The gel is flexible, cheaper to manufacture and can be easily miniaturized. The devices made from the gel can be easily manufactured and designed and controlled as compared with more complex hard devices. The gel is also being considered ideal to create artificial heart, stomach and other muscles in addition to devices for diagnosing diseases, detecting and delivering drugs.
Explaining the benefits of the gel in field such as biomedical engineering, Howan Lee, Assistant Professor in Department of Mechanical and Aerospace Engineering of the University said, “Our 3D-printed smart gel has great potential in biomedical engineering because it resembles tissues in the human body that also contain lots of water and are very soft,”
“It can be used for many different types of underwater devices that mimic aquatic life like the octopus,” added Lee.

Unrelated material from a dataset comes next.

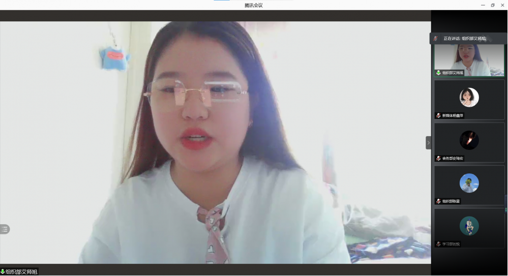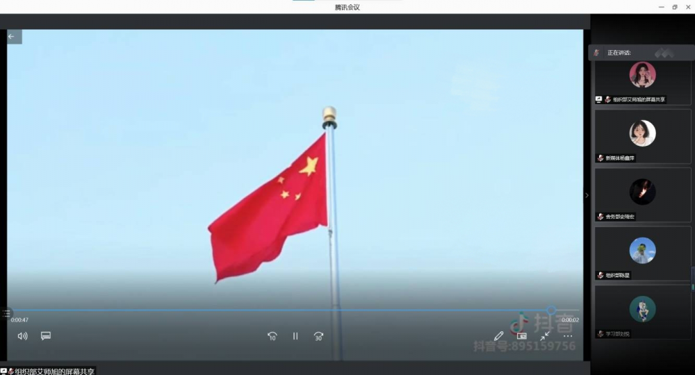 上午7点整,全体成员准备就绪,聚集在“云”空间,由主持人艾师旭宣布升旗仪式正式开始。同学们通过观看视频的方式,肃立家中,在嘹亮的国歌声中,怀着崇高的敬意,面对屏幕上冉冉升起的五星红旗行注目礼,随着国旗升起而心潮澎湃,向国旗致敬,为祖国加油,对伟大的祖国和中国共产党发出美好祝愿,更加坚定了自己爱国力行的使命责任。随后由生物19的王新同学进行国旗下演讲,她首先阐述了这场疫情对于每个人的教育意义,正视这样的经历,在困境中汲取成长教训,接着她提出了自己的两点倡议:一.迎接未来,我们要勇于担当;二.迎接未来,我们要充满信心。最后她还表示,成功不会一蹴而就,时代呼唤读书人,要把责任担在肩上,愿药化学子都能以勤为径,以苦做舟,让梦想照进现实。活动的最后,全体成员合影留念,由主持人艾师旭宣布升旗仪式圆满落幕。一次特殊难忘的升旗仪式,屏幕上飘扬的五星红旗,跨越时空的阻隔,将温暖坚毅的力量传递给每一位同学,散落在五湖四海的心终于在此紧紧相依。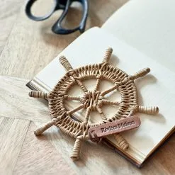 Another item in the sea related range of rattan wall decorations, this RR Steering Wheel Decoration is a very good representation of a ships steering wheel with eight spokes. It is made with hand braided rattan on a rattan core as well and features our RM logo in leather.

Lee who is also the senior author of the study that explains the creation of the hydrogel, explained further. “The hydrogels can move and change shape when activated by electricity. During the 3D-printing process, light is projected on a light-sensitive solution that becomes a gel. The hydrogel is placed in a salty water solution (or electrolyte) and two thin wires apply electricity to trigger motion: walking forward, reversing course and grabbing and moving objects. The human-like walker that the team created is about one inch tall”, Lee further explained.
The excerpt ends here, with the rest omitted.